» Task brief: The entries below hold a line with "A Kindergarten ELA" and a line with "A abordagem ocorreu". Return those lines and all that lie between them, exactly and only.

» Dataset entries:
────

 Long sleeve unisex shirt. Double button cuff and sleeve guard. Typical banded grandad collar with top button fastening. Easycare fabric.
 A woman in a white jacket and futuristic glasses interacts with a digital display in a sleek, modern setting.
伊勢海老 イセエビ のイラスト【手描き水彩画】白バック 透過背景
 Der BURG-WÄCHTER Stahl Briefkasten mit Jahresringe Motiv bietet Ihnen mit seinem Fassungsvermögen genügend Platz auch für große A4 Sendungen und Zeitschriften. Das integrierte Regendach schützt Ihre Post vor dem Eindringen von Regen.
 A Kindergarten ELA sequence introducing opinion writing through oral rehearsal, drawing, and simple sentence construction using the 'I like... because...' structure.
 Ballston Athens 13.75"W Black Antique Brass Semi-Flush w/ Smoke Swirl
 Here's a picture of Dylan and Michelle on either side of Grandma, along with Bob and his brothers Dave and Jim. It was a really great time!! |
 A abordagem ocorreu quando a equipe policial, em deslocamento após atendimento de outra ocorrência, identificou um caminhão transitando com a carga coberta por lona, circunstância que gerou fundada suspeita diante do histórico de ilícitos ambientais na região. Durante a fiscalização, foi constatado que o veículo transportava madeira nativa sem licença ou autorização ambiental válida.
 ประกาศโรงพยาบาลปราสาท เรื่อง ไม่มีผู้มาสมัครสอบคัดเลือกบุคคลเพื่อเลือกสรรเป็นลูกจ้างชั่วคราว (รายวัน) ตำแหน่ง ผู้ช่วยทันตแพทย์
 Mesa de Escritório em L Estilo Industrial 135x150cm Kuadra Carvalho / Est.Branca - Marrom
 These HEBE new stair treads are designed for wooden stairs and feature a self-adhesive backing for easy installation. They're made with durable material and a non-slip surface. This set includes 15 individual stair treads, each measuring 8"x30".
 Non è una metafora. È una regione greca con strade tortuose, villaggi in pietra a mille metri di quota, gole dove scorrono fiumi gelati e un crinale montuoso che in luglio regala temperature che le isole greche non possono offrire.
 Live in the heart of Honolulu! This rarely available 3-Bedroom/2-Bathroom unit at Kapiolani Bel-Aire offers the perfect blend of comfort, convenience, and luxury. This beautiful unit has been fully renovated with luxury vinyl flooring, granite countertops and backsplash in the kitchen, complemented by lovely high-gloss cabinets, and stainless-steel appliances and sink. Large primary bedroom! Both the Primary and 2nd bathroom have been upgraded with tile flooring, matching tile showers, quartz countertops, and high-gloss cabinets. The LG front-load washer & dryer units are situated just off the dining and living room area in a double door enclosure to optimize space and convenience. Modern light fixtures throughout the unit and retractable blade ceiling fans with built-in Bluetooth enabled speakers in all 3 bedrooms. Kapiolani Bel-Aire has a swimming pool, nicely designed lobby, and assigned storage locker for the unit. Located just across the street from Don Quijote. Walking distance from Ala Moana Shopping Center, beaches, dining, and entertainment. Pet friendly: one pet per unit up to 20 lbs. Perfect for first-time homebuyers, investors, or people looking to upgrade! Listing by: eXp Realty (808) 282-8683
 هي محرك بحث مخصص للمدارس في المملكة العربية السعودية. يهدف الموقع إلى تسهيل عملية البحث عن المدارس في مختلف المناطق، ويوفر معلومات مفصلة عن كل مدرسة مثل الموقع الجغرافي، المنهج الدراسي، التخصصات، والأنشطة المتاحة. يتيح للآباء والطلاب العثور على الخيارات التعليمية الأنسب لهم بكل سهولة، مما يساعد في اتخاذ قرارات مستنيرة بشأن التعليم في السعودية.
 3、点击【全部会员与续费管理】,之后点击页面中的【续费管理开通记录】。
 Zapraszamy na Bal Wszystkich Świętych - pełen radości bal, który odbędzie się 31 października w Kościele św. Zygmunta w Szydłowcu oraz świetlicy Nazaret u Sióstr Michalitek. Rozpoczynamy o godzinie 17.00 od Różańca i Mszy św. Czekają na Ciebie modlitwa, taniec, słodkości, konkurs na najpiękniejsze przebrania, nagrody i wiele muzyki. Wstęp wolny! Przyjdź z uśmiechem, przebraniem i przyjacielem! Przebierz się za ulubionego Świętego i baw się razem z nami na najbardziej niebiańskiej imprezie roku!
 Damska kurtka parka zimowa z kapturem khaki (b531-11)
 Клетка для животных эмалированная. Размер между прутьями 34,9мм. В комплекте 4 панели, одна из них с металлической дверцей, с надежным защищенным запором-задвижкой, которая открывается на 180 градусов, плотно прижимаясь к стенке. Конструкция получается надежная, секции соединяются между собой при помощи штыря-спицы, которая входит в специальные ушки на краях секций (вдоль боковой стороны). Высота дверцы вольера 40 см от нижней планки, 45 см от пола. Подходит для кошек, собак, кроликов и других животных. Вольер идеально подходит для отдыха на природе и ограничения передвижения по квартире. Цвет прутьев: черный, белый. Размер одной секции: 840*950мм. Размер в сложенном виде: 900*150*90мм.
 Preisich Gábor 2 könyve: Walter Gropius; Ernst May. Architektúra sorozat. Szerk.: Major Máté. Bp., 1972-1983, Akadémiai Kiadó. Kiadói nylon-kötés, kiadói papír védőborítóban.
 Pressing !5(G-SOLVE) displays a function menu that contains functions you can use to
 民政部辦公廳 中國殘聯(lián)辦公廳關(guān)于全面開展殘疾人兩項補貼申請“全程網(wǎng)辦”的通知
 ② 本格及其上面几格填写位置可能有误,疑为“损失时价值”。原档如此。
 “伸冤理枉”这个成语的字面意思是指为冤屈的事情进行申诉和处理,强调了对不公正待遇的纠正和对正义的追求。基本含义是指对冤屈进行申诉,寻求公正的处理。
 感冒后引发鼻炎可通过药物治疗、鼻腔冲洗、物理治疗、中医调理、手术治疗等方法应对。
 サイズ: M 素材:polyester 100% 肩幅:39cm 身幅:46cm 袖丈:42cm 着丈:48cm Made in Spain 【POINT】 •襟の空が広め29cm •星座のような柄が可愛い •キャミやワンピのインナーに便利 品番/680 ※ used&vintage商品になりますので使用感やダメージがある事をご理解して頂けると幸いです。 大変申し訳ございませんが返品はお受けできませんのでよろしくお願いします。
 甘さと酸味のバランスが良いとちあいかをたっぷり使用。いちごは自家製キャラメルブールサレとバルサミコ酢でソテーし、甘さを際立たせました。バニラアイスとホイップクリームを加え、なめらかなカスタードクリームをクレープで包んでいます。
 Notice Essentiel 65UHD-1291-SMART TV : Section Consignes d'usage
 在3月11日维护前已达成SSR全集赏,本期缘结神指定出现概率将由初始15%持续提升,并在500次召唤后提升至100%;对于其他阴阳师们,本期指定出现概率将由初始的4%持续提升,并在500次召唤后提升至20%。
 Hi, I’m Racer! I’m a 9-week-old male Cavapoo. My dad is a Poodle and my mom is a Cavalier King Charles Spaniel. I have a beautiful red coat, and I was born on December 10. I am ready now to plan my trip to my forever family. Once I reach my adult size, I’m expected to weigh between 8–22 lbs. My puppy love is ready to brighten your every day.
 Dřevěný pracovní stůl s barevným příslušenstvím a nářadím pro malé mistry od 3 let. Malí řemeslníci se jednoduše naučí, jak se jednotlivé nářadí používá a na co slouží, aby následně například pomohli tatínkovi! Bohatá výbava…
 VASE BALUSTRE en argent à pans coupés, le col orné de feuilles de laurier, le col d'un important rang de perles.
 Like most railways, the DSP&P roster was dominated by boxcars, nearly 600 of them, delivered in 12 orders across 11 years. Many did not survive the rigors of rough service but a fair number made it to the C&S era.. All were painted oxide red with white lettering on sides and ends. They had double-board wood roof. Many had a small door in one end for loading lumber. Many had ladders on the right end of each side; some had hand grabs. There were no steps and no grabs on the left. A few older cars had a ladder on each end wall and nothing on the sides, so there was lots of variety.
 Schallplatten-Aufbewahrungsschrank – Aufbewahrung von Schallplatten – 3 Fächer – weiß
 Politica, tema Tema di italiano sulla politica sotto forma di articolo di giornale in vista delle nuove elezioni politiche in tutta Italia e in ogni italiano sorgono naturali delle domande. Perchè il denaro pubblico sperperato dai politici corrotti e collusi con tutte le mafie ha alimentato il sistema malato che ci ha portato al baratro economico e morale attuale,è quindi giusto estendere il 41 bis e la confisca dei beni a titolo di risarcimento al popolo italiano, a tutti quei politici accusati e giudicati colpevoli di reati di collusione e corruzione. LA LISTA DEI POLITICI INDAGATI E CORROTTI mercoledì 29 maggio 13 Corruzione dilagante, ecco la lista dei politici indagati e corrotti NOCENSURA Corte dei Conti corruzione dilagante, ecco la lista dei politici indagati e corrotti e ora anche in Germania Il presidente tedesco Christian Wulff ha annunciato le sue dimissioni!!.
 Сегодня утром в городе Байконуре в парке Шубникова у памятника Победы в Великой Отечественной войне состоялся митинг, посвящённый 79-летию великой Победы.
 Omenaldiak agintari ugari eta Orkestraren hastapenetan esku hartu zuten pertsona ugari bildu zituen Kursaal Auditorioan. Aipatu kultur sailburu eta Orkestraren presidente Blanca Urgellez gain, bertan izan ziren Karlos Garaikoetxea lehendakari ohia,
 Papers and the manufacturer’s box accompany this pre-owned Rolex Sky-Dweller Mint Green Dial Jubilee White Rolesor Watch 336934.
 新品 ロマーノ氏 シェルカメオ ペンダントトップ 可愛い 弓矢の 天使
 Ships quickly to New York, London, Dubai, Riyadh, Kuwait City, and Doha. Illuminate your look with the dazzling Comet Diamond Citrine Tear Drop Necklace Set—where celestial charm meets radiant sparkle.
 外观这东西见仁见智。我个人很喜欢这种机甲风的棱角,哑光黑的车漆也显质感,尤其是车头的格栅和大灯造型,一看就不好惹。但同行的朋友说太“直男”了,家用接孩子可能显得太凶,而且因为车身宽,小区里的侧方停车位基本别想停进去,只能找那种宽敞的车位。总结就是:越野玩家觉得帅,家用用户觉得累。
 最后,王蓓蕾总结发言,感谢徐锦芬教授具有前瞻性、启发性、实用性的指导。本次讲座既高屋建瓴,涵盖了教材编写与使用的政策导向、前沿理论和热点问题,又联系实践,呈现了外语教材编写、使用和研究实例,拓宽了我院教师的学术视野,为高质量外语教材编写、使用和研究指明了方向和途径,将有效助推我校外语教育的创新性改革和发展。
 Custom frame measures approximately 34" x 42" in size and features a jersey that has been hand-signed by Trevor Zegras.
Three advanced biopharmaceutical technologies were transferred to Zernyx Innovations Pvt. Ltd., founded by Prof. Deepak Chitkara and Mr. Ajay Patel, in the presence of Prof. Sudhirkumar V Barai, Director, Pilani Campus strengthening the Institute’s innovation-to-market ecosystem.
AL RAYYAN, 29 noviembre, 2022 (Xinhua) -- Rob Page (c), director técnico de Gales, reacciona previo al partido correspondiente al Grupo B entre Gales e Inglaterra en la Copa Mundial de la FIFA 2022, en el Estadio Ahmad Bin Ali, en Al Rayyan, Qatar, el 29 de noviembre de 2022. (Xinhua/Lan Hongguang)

────

» Answer:
 A Kindergarten ELA sequence introducing opinion writing through oral rehearsal, drawing, and simple sentence construction using the 'I like... because...' structure.
 Ballston Athens 13.75"W Black Antique Brass Semi-Flush w/ Smoke Swirl
 Here's a picture of Dylan and Michelle on either side of Grandma, along with Bob and his brothers Dave and Jim. It was a really great time!! |
 A abordagem ocorreu quando a equipe policial, em deslocamento após atendimento de outra ocorrência, identificou um caminhão transitando com a carga coberta por lona, circunstância que gerou fundada suspeita diante do histórico de ilícitos ambientais na região. Durante a fiscalização, foi constatado que o veículo transportava madeira nativa sem licença ou autorização ambiental válida.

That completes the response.